数学を例にとると「この方程式だから...」みたいな教え方をされたことがあり、中学1年生のときの数学はそれはもう悲惨としか言いようがないくらいまるで理解できなかった。でも、なぜそうなのか、その意味が自分でわかるようになった3年生のときには成績も一気に上がり、わかることがとてもおもしろかったことを覚えている。
高校3年生のときには先生の代わりに授業をしたこともある。もちろん事前に先生との打ち合わせをし準備も怠りなくしたうえでの授業だったが、自分がわからなかった部分だけでなくみんながわからない部分がどこなのか把握できたとともに、「教える技術」を学べたことはとても大きな収穫だったように思う。
社会人となったときはさすがに教えてもらうことが多かった。だけどそれも半年ほどすれば教える側になっていた。自分で意味を考え、「なぜそうするのか?」を徹底的にシンプルに分解していく癖がついていたせいか、教えるべきポイントを誰よりも早く把握でき、かつ伝えることができるようになっていたからだ。
それからというもの、教えることが仕事のひとつになっている。教えることが本来の仕事ではないのだけど、ことあるごとに教えるという仕事をお願いされてしまうのだ。それも明日の何時からあるのでそれまでに資料も作成して...などといった無茶な要求さえあるのだが、その要求にもさっと応えてしまうのでまた依頼が入ってしまう。

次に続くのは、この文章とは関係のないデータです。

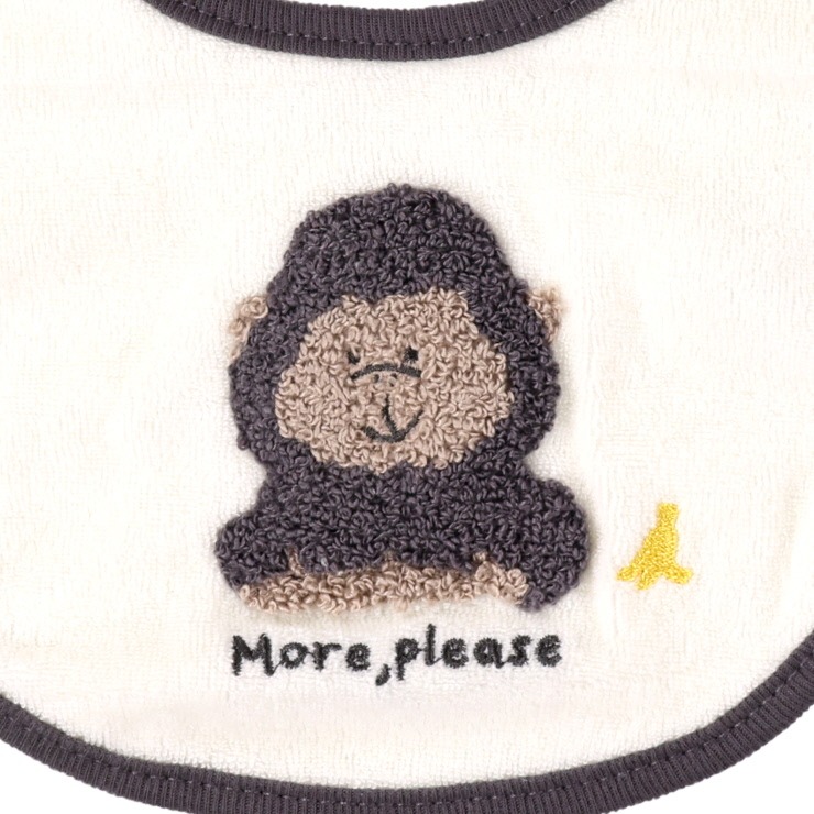 ゴリラさんの立体的なサガラ刺繍入り。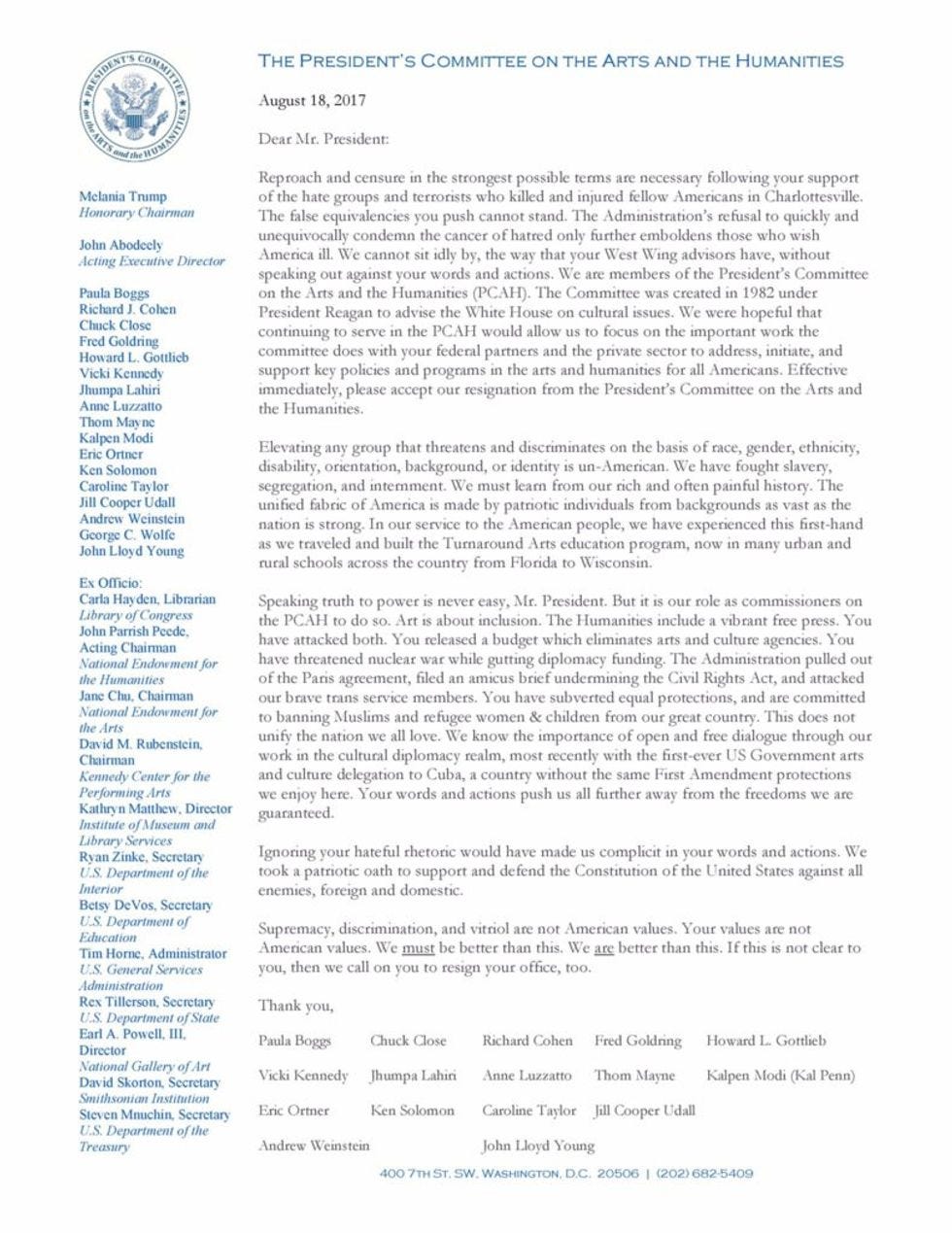 You see what he did there? He spelled out I-M-P-E-A-C-H in the first letter of each paragraph! He told CNN he was inspired by the resignation letter written by ALL THE MEMBERS of The President's Committee on the Arts and the Humanities, which employed a similar tricky dicky: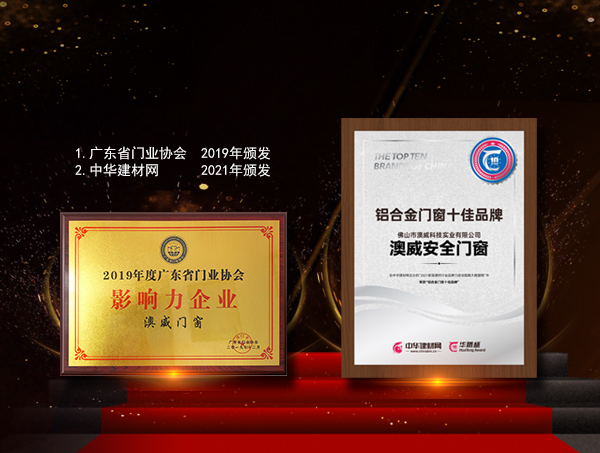 ① 中國商品質(zhì)量名優(yōu)品牌推廣中心 2010年頒發(fā)《商品與質(zhì)量》消費市場調(diào)查中心 2010年頒發(fā) ② 廣東省門業(yè)協(xié)會 2017年頒發(fā)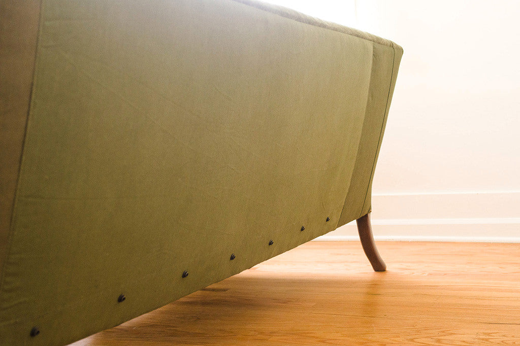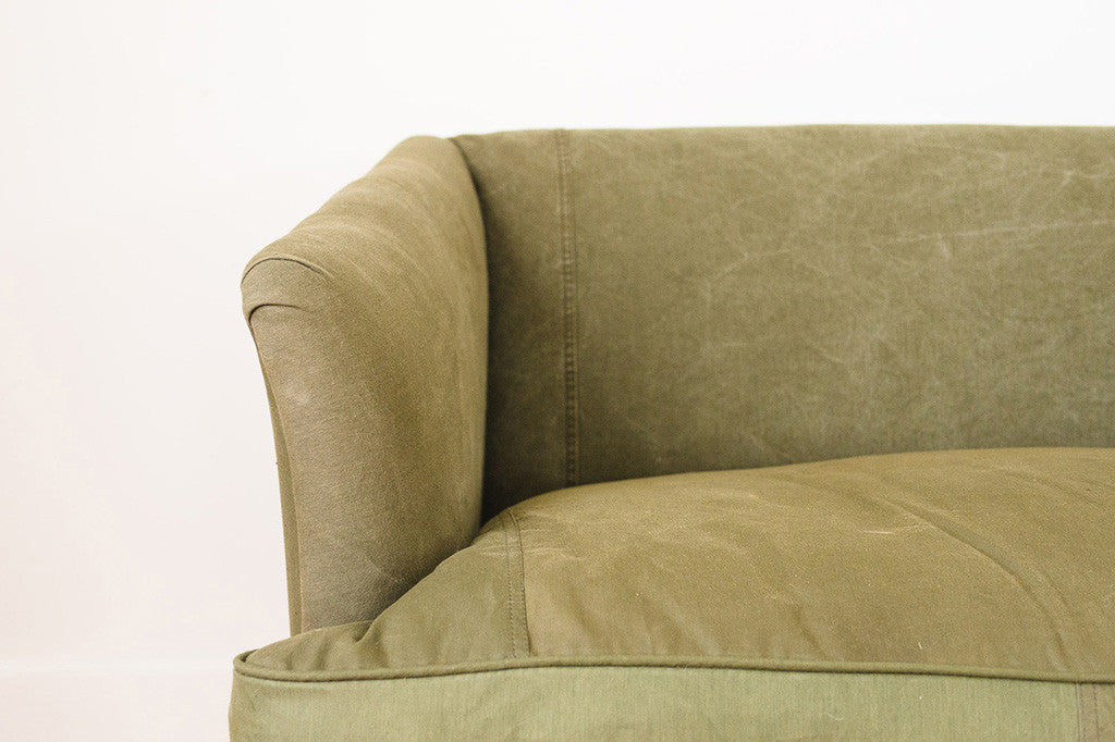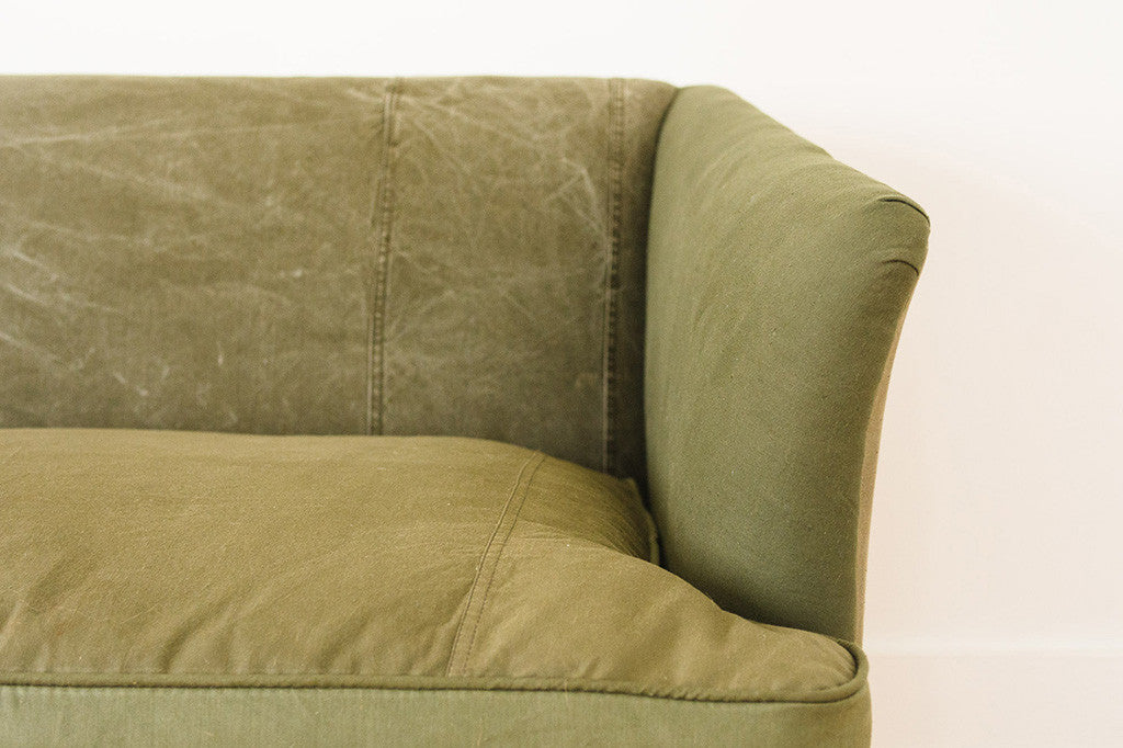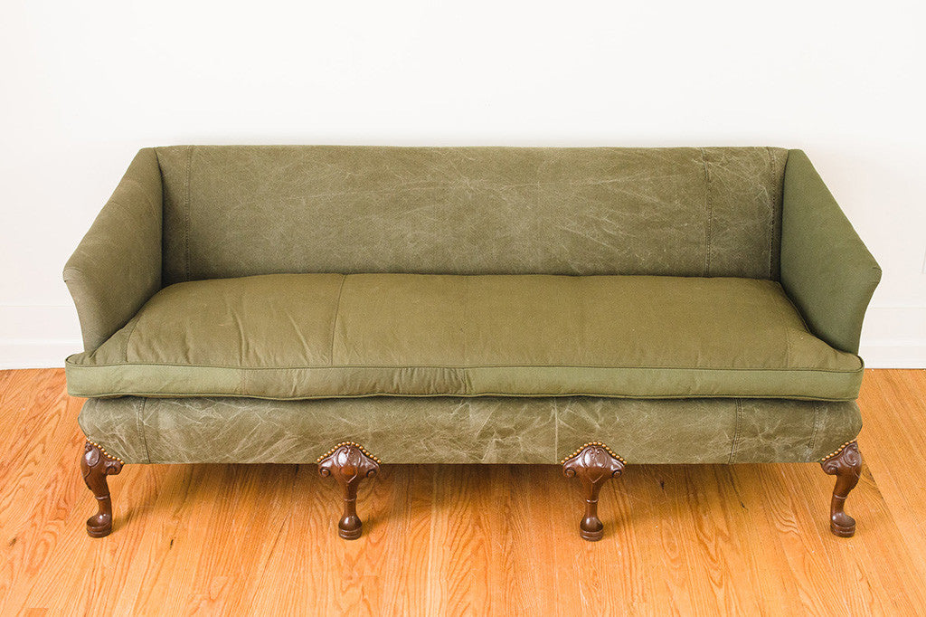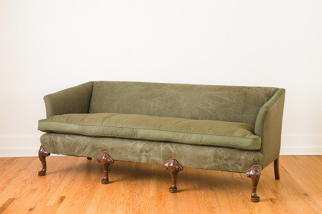 This antique clawfoot sofa was reupholstered in vintage military canvas. It has a down-filled bench cushion, brass nailhead accents and wood cabriole style legs. It was internally restored with eight way hand tied springs. It's comfortable and big enough to nap on. Please see pictures for detailed condition of this piece.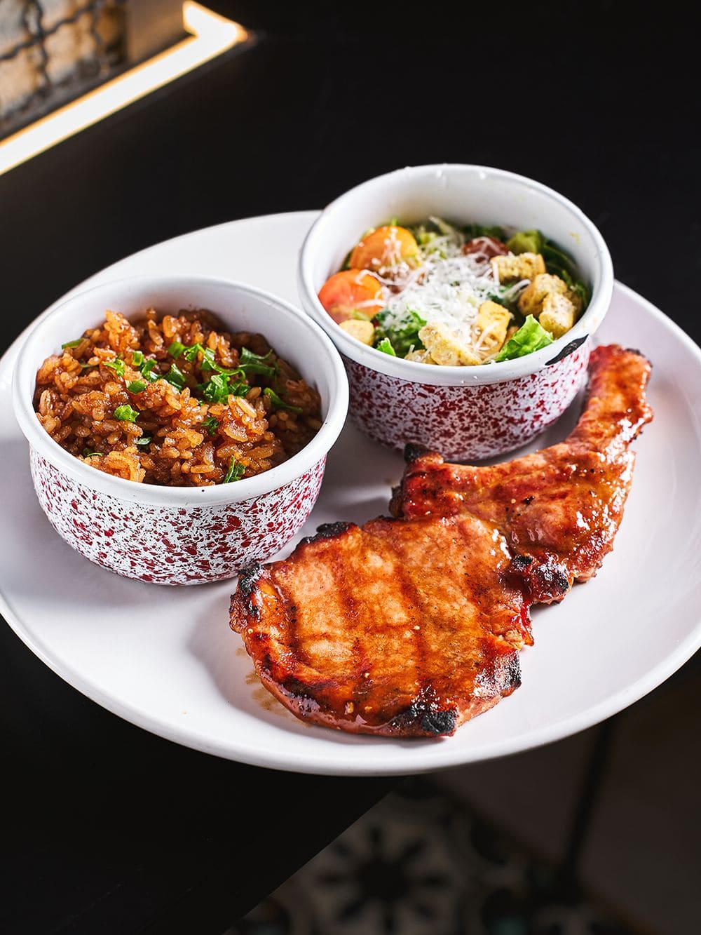 - Chuletón ahumado: Imponente corte de cerdo ahumado lentamente, de sabor profundo y textura jugosa que resalta el carácter de la parrilla servido con bbq de la casa y arroz titote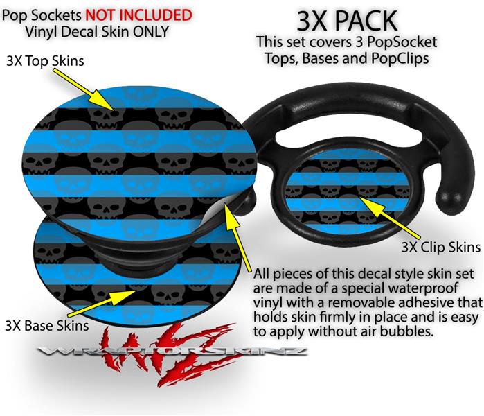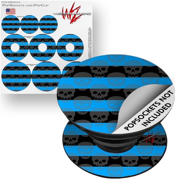 Decal Style Vinyl Skin Wrap 3 Pack for PopSockets Skull Stripes Blue (POPSOCKET NOT INCLUDED)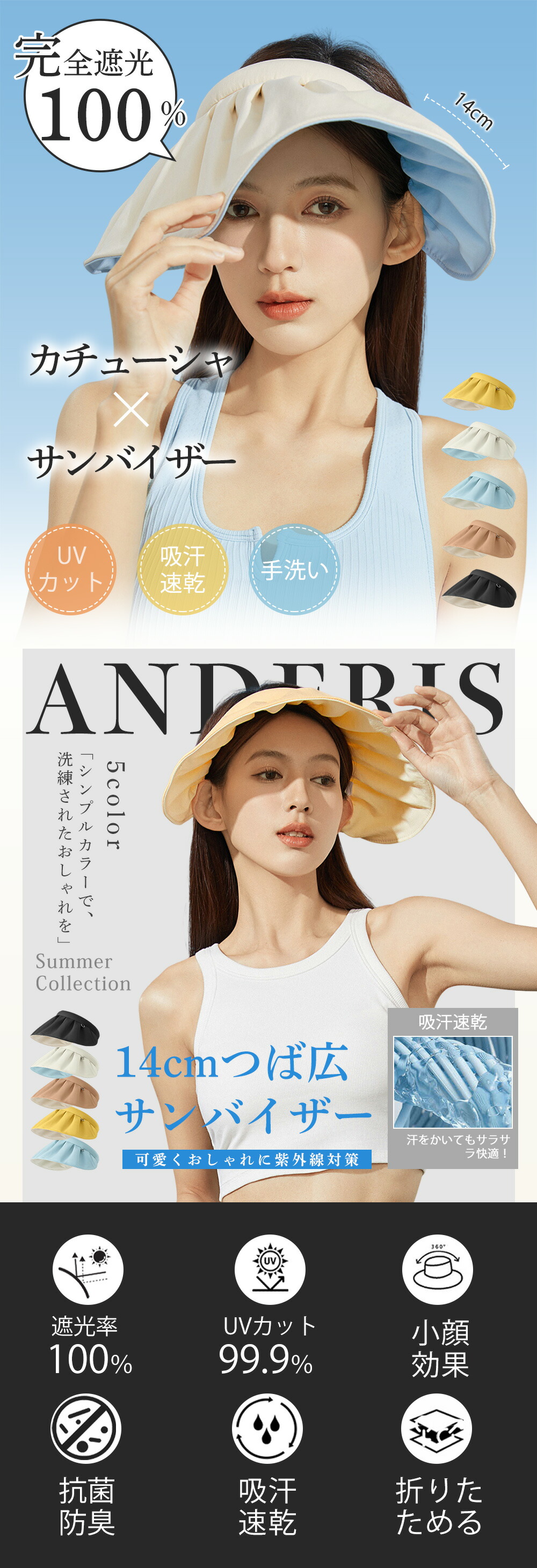 サンバイザー レディース uvカット カチューシャバイザー 折りたたみ yfm5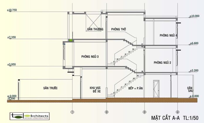 Bản chất của những ngôi nhà lệch tầng là chúng có độ chênh cốt giữa các tầng. Với những lô đất có diện tích hẹp và dài, kết cấu lệch tầng sẽ là lựa chọn hợp lý hơn cả, có thể tận dụng sự  thông tầng với không gian cầu thang, tạo độ thông thoáng và ánh sáng cho trung tâm căn nhà.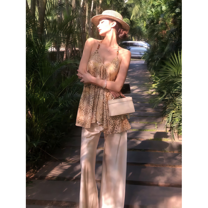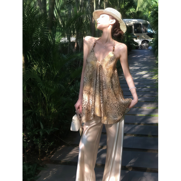 不規則豹紋串珠吊帶衫連衣裙女2025夏季天絲醋酸V領上衣辣妹短裙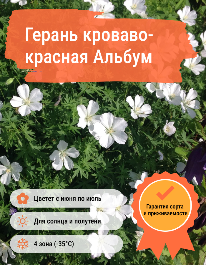 Саженцы герани кроваво-красной Альбум (Geranium sanquineum Album) разрастаясь, образуют пышные кустики красивой сферической формы, усыпанной нежными белыми цветочками. Растение достигает в высоту от 20 до 30 сантиметров, в ширину до 50 сантиметров. В осенний период листья и стебли приобретают ярко-красный оттенок. Цветочки белые, с прожилками, диаметром 2-3,5 сантиметров. И листья, и цветы обладают ярким характерным ароматом. Сорт устойчивый, хорошо переносит суровые зимы и засуху, практически не подвержен болезням и поражениям вредителями. На одном месте может расти до 15 лет.

最近では、「教える技術」を教えるのが仕事のひとつにもなっている。いろいろと自分の仕事を抱えている中で教えることが二重三重になってくるのでそれはもう大変な渦の中でぐるぐる回っているようだが、実は徹底的にシンプルな考えにしているのでなんら大変なことはないのだ。
「教える技術」が身に付いている人は、私と同じように徹底的にシンプルにしている人が多い。曖昧で抽象的な言葉ではなく、具体的になぜそうなるのか、なぜそうすべきなのかをきちんと伝えているように思う。
最近では、それだけシンプルにしても伝わらなくなっていることがある。だから「教える技術」をもっと分解しさらにシンプルにしなければいけないのかなと考えている。とあるコラムでは教えるための計画書を一度作ってしまえばずっと使えるようなことを書いてあったが、教えられる側のレベルがどんどん下がっていることに気がついていないとしか言いようがない。
「教える技術」だって変化に対応しなければいけない。
そんなことわかっている?
いや、それがわかっていないから教えることができないベテランだっているのだ。